Budj Bim was added to the UNESCO World Heritage List in July, taking the Gunditjmara story to a global audience. The listing is expected to bring an estimated 100,000 visitors to Victoria’s southwest each year.

But some 6500 years after the first historical dating of this sophisticated aquaculture system, Allan McDonald was fighting for more than just recognition. First, he had been an enlisted man in Turkey and Palestine (“Aboriginal people weren’t officially allowed to enlist, but if you had lighter skin they’d turn a blind eye”); then he had been fighting as a returned soldier forced to watch on as his lands were given to returned white soldiers. 

Molyneux became an amateur historian to uncover the story, enlisting the help of Gunditjmara elders, and sourcing oral histories and historical records – both official and unofficial – at the Australian War Memorial and Public Record Office Victoria.

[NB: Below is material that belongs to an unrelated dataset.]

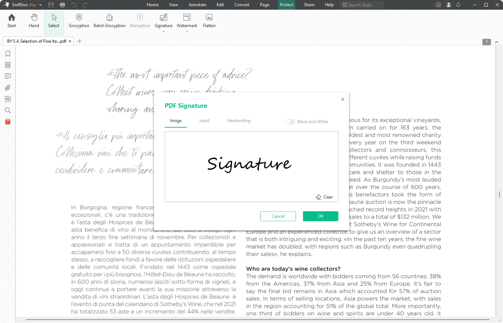 Creëer een juridisch bindende elektronische handtekening door met de hand te schrijven, tekst in te voeren en afbeeldingen toe te voegen;

“I feel like I’ve been welcomed back into the Gunditjmara community with open arms. I’m certainly not the only one with a story like this, but I feel there’s a real connection for me with the people and the land there."

Debuting to positive reviews at last year’s Melbourne Fringe Festival and since performed across Victoria, the 55-minute play brings to life the legend of the “fighting Gunditjmara” – the fierce warriors who fought the British invaders in bloody frontier wars and continued to resist, both subversively and overtly, into the current era. 

The Mission charts McDonald’s ongoing fight for the rights of his people in the face of institutionalised racism, including his instrumental role in getting electricity and water for his community at Framlingham. “Allan is a man who obviously fought for what he believed in. He fought for justice, whatever the cost,” his great-great-nephew says.

The notion of justice has been a driving force for Molyneux through university and beyond. An Indigenous merit scholar, he lived “on res” at Mannix College and was aided during his studies by the Yulendj Indigenous Engagement Unit. He centred his law degree on human rights, and now he juggles acting with his role as cultural engagement officer, focusing on Indigenous inclusion, at Deakin University. 

That acting won over the law was something of a moot point: “I always wanted to keep acting in my life, which wasn’t difficult given the great relationships I formed in the performing arts degree at Monash, and the uneven work/life balance of law wasn’t something that particularly appealed to me.”

The performing arts degree – now rolled into a Bachelor of Arts – was a crucible for Molyneux and his contemporaries, many of whom continue to work together in independent theatre productions. The Mission director James Jackson is another Monash alumnus, and Molyneux credits the strength of the teachers for laying their students’ reputational groundwork.

Representing your family on stage is a daunting proposition, but representing a culture takes it to the next level. For Molyneux, each performance of The Mission has been a “slightly terrifying experience”. 

Yet the two-year process, from the first mention of Allan McDonald’s name to The Mission’s debut last year, has been a journey rich with reconnection. 

“I feel like I’ve been welcomed back into the Gunditjmara community with open arms. I’m certainly not the only one with a story like this, but I feel there’s a real connection for me with the people and the land there. They’ve approached this with open hearts and minds, and I’m grateful.”